— What is expected —
Find the line containing "Antirrhinum majus Levinud" in the listing below. Repeat it exactly, along with each following line up to and including the one containing "Lámpara esterilizadora UV".

— Information supplied —
★ ★ ★ ★

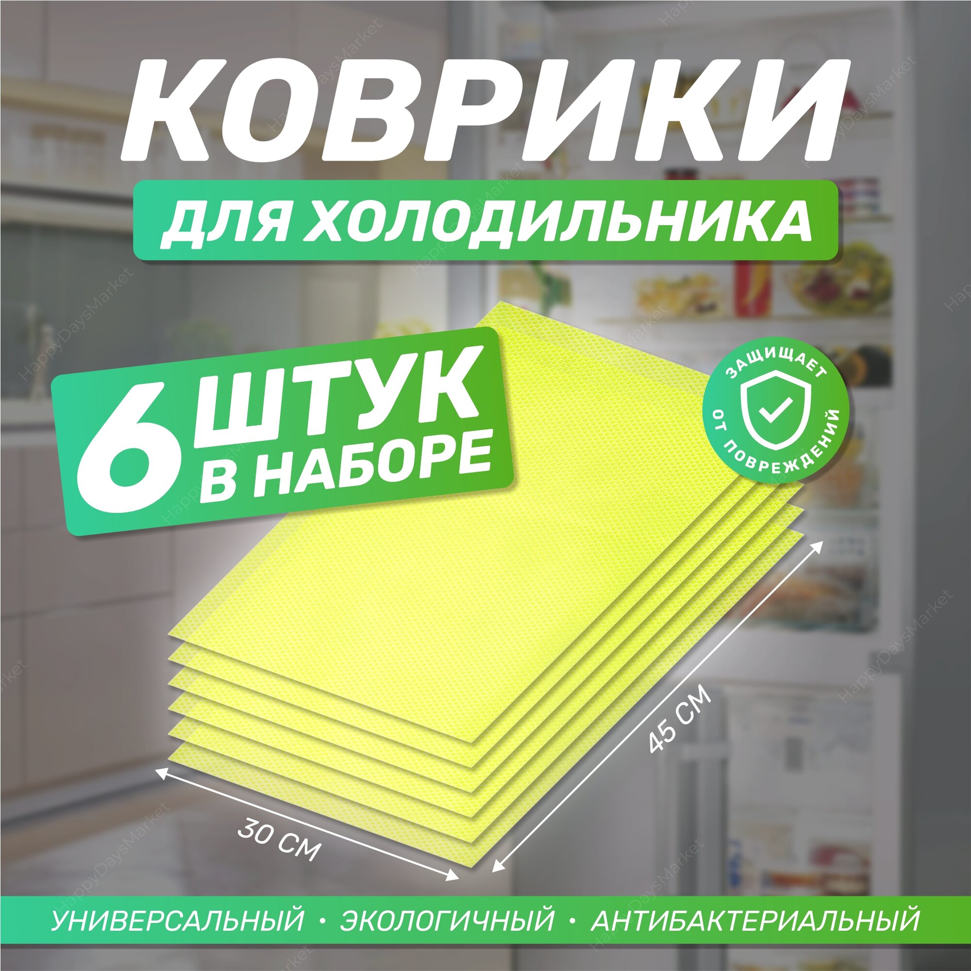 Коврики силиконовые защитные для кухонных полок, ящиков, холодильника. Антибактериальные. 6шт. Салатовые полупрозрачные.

★ ★ ★ ★

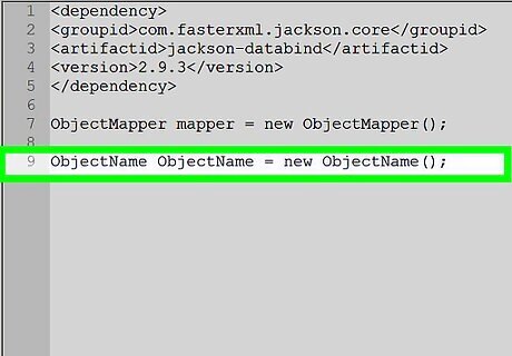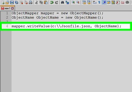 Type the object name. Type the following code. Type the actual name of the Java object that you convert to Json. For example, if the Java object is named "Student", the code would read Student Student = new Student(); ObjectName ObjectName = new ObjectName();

★ ★ ★ ★

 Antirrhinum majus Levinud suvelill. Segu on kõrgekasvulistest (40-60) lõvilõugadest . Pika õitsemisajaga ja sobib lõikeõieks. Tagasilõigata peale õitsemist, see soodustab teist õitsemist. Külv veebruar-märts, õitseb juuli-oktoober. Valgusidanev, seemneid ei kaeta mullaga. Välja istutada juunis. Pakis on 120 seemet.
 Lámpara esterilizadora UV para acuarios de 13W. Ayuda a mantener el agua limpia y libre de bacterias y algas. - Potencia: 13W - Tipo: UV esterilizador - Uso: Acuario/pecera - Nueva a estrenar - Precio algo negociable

★ ★ ★ ★

— Expected answer —
 Antirrhinum majus Levinud suvelill. Segu on kõrgekasvulistest (40-60) lõvilõugadest . Pika õitsemisajaga ja sobib lõikeõieks. Tagasilõigata peale õitsemist, see soodustab teist õitsemist. Külv veebruar-märts, õitseb juuli-oktoober. Valgusidanev, seemneid ei kaeta mullaga. Välja istutada juunis. Pakis on 120 seemet.
 Lámpara esterilizadora UV para acuarios de 13W. Ayuda a mantener el agua limpia y libre de bacterias y algas. - Potencia: 13W - Tipo: UV esterilizador - Uso: Acuario/pecera - Nueva a estrenar - Precio algo negociable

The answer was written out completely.